Icinga Web 2 Module Director

Using the API of the Icinga Web 2 Module Director requires Authentication and Authorisation as it is described in the documentation.

For the basic authentication of the webserver, there are two possible ways of configuration. If you already use basic auth simply add a user and password to the authentication source. If you do not want to add basic authentication you can configure the webserver to auto login as a user depending on your source IP.

# vi /etc/httpd/conf.d/icingaweb2.conf
...
RewriteBase /icingaweb2/
RewriteCond %{REMOTE_ADDR} ^192\.168\.142\.3
RewriteRule ^(.*)$ - [E=REMOTE_USER:foreman]
...

In Icinga Web 2 you also have to add an authentication backend external.

# vi /etc/icingaweb2/authentication.ini
[External]
backend = "external"

Furthermore, a role is required assigning permissions to your user.
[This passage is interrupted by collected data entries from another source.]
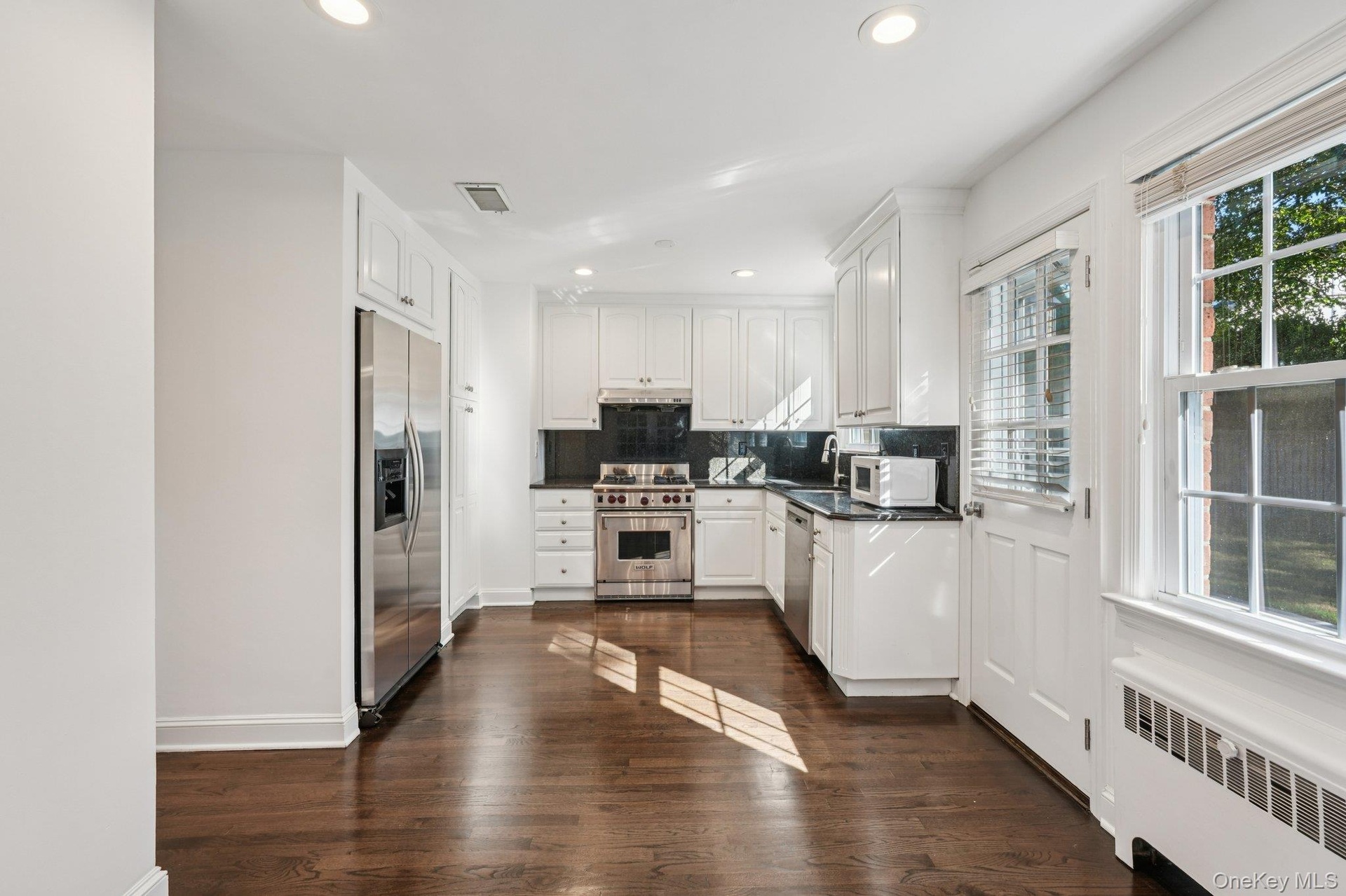 - Kitchen featuring radiator heating unit, white cabinets, appliances with stainless steel finishes, dark wood-style floors, and recessed lighting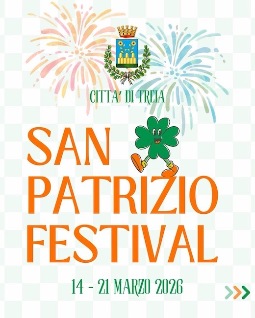 TREIA – Una settimana di iniziative per celebrare il patrono della città. Dal 14 al 21 marzo 2026 torna a Treia il San Patrizio Festival, il calendario di appuntamenti promosso per rendere omaggio a San Patrizio e coinvolgere cittadini e visitatori con eventi diffusi nel cuore della città.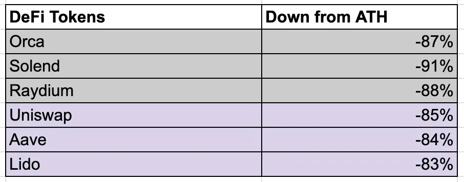尽管有人可能会说 Solana DeFi 代币的价格大幅下跌,但以太坊的 DeFi 蓝筹也是如此,这是治理代币价值累积的结构性问题。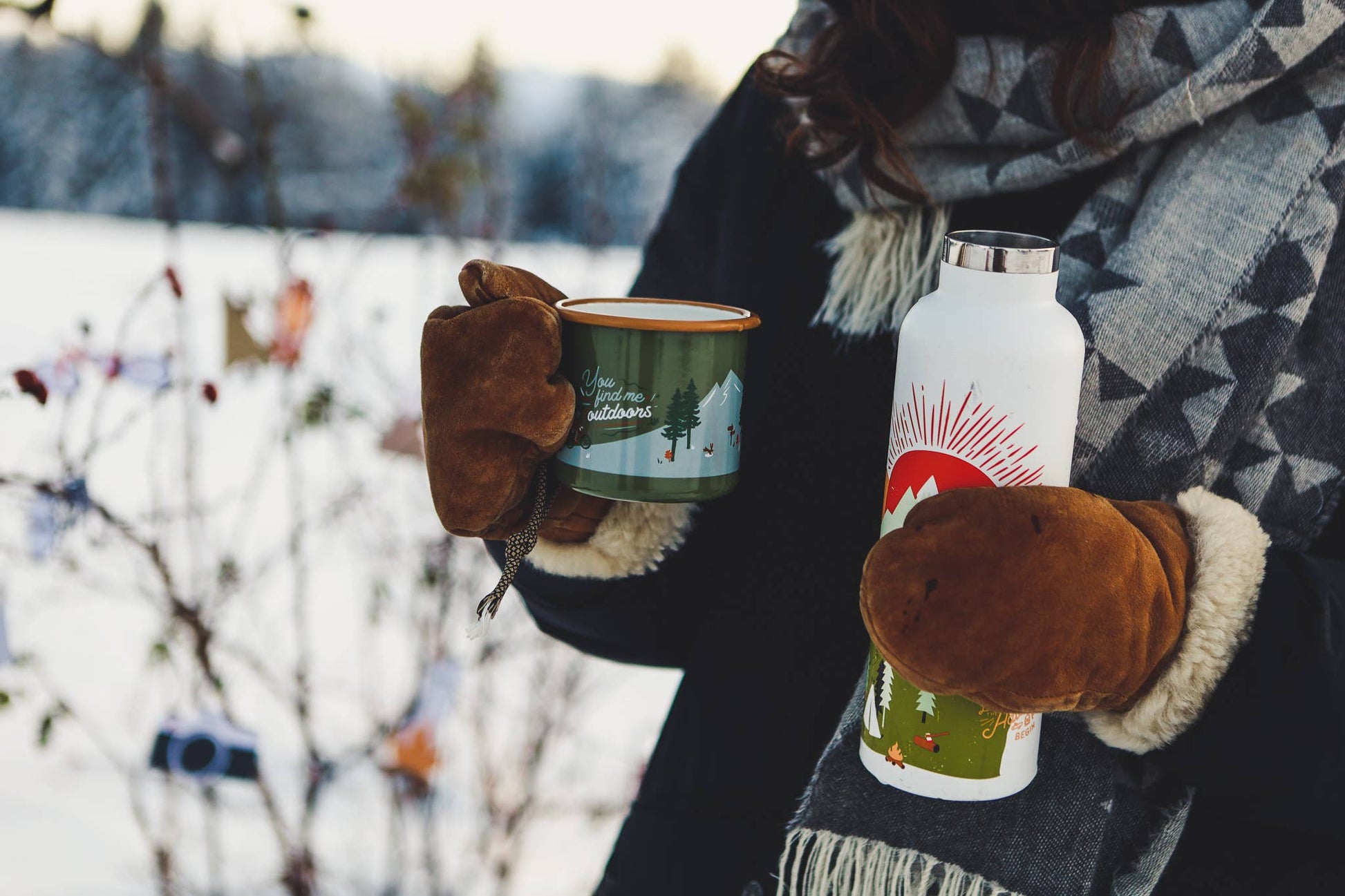 La tasse en émail “You Find Me Outdoors” de Roadtyping est pensée pour les amoureux de la nature, du camping et des grands espaces. Son design vert forêt orné de paysages de montagne, de cyclistes et de randonneurs évoque la liberté et l’aventure.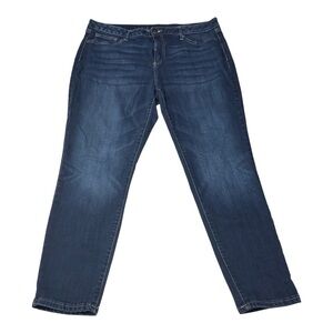 Stylish dark blue jeans with a straight leg design. Perfect for everyday wear. Waist 36” Inseam 28”

# vi /etc/icingaweb2/roles.ini
[Foreman]
users = "foreman"
permissions = "module/director, director/api, director/*"

Smart Proxy

Ensure that the Monitoring module is enabled and uses the provider monitoring_icinga2 and monitoring_icingadirector.

# vi /etc/foreman-proxy/settings.d/monitoring.yml
---
:enabled: true
:use_provider:
 - monitoring_icinga2
 - monitoring_icingadirector

Configure the provider with the location of your director installation and the User information if required. Using SSL with verification is recommended but not required.

---
:enabled: true

:director_url: https://www.example.com/icingaweb2/director
:director_cacert: /etc/foreman-proxy/monitoring/ca.crt
:director_user: foreman
:director_password: foreman
:verify_ssl: true

Afterwards, restart the service.

# systemctl restart foreman-proxy.service

Troubleshooting

The plug-in uses the configuration of the Smart Proxy to write its logs and does not provide a separate log for now. So have a look into /var/log/foreman-proxy/proxy.log for default installations.

Also look into the logs of the monitoring solution and when opening issues attach relevant entries for both logs. For Icinga 2 it is typically /var/log/icinga2/icinga2.log or if enabled /var/log/icinga2/debug.log. Icinga Web 2 Director uses Icinga Web 2's configuration which is typically logging to syslog with facility user and application prefix icingaweb2 which will result in a logging entry in /var/log/message for osfamily Red Hat and /var/log/syslog for osfamily Debian.

TODO

Provider Icinga2:

  • Add endpoint and zone management for Icinga 2 as agent

Additional Providers:

  • Zabbix
  • OpenNMS

Copyright

Copyright (c) 2016 The Foreman developers

This program is free software: you can redistribute it and/or modify it under the terms of the GNU General Public License as published by the Free Software Foundation, either version 3 of the License, or (at your option) any later version.

This program is distributed in the hope that it will be useful, but WITHOUT ANY WARRANTY; without even the implied warranty of MERCHANTABILITY or FITNESS FOR A PARTICULAR PURPOSE. See the GNU General Public License for more details.